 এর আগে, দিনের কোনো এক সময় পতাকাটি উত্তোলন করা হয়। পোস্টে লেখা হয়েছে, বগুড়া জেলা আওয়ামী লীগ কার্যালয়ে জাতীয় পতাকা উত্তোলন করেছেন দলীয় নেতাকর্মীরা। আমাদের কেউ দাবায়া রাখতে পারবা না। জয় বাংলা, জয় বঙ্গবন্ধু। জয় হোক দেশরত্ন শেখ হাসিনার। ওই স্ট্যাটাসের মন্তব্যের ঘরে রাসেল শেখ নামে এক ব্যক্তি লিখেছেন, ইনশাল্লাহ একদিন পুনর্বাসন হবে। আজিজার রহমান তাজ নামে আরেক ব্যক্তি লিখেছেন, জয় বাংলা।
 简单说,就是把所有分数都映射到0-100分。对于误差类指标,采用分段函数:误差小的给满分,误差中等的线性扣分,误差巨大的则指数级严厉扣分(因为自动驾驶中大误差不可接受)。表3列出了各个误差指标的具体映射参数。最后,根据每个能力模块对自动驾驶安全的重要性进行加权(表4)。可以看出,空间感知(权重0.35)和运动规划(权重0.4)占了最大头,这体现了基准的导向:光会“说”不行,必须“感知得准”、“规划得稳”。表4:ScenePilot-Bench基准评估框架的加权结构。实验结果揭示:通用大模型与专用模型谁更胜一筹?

...

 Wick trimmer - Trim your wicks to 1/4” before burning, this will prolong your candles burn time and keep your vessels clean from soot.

What the task requires: Copy out the lines above exactly, beginning at the one that contains "এর আগে, দিনের" and ending at the one that contains "简单说,就是把所有分数都映射".

Response box:
 এর আগে, দিনের কোনো এক সময় পতাকাটি উত্তোলন করা হয়। পোস্টে লেখা হয়েছে, বগুড়া জেলা আওয়ামী লীগ কার্যালয়ে জাতীয় পতাকা উত্তোলন করেছেন দলীয় নেতাকর্মীরা। আমাদের কেউ দাবায়া রাখতে পারবা না। জয় বাংলা, জয় বঙ্গবন্ধু। জয় হোক দেশরত্ন শেখ হাসিনার। ওই স্ট্যাটাসের মন্তব্যের ঘরে রাসেল শেখ নামে এক ব্যক্তি লিখেছেন, ইনশাল্লাহ একদিন পুনর্বাসন হবে। আজিজার রহমান তাজ নামে আরেক ব্যক্তি লিখেছেন, জয় বাংলা।
 简单说,就是把所有分数都映射到0-100分。对于误差类指标,采用分段函数:误差小的给满分,误差中等的线性扣分,误差巨大的则指数级严厉扣分(因为自动驾驶中大误差不可接受)。表3列出了各个误差指标的具体映射参数。最后,根据每个能力模块对自动驾驶安全的重要性进行加权(表4)。可以看出,空间感知(权重0.35)和运动规划(权重0.4)占了最大头,这体现了基准的导向:光会“说”不行,必须“感知得准”、“规划得稳”。表4:ScenePilot-Bench基准评估框架的加权结构。实验结果揭示:通用大模型与专用模型谁更胜一筹?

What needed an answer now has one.